Come ministro del lavoro Trump ha indicato Lori Chavez-DeRemer, appartenente alla ristrettissima manciata di parlamentari repubblicani sostenitori del Protecting the Right to Organize Act. La legge, che è stata discussa a partire dal 2021 al Congresso ma non ha ricevuto un’approvazione definitiva, rafforzerebbe il diritto dei lavoratori a formare organizzazioni sindacali sul posto di lavoro e a negoziare collettivamente. Non sorprende che la misura abbia incontrato la fermissima opposizione delle organizzazioni degli industriali.

Queste ultime potranno comunque trovare una serie di alleati preziosi nella nuova amministrazione. Personalità come Scott Bessent (nominato ministro dell’economia), Kevin Hassett (direttore designato del National Economic Council) e Howard Lutnick (nominato ministro del commercio). Si tratta di esponenti di una destra liberista antitasse e pro-imprese piuttosto ortodossa.

Ne resterà soltanto uno?

Trump potrebbe essere tentato di mediare fra i vari gruppi che spingono in direzioni diverse attraverso una mera sommatoria delle rispettive priorità. Ad esempio, potrebbe tentare di implementare allo stesso tempo una dura stretta sull’immigrazione (illegale e non), radicali tagli di tasse, e alte tariffe doganali nei confronti non solo della Cina, ma di tutti gli altri partner commerciali (Canada e Messico in primis). Ognuna di queste politiche ha effetti inflazionistici: la loro combinazione esporrebbe l’economia americana al rischio di un ritorno aggressivo di quell’alta inflazione che è stata il primo fattore di malcontento fra i cittadini a basso reddito nei confronti dell’amministrazione Biden.

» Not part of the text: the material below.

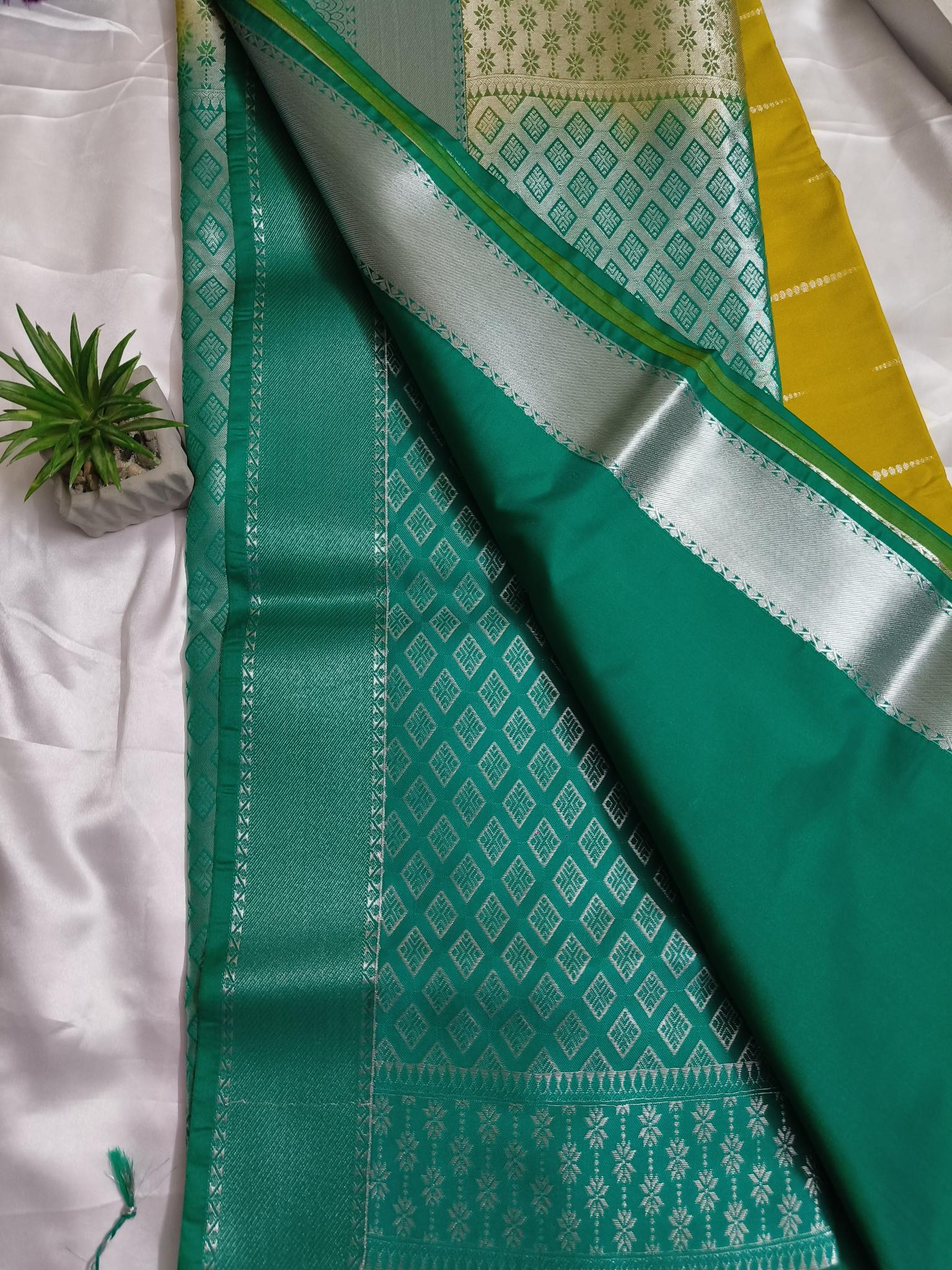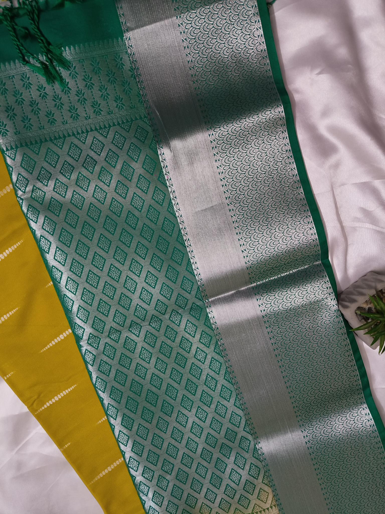 This Rain Drop Pure Soft Silk Yellow Silver Border Saree offers an elegant drape that enhances your silhouette. Embrace timeless sophistication with this saree that seamlessly blends classic charm and contemporary style.

A giudicare dal rally di borsa che è seguito alle elezioni di novembre, “i mercati” sembrano credere che alla fine le tensioni contrapposte presenti all’interno del trumpismo finiranno per elidersi a vicenda, almeno in parte. E che le promesse elettorali di Trump vadano filtrate della buona dose di propaganda con le quali sono state condite. Ne risulterebbe una linea di politica economica meno avventuristica.

C’è tuttavia un’altra alternativa che incombe sul secondo mandato di Trump: quella del caos. E perfino questo scenario potrebbe avere chi lo caldeggia attivamente come il più favorevole al proprio disegno.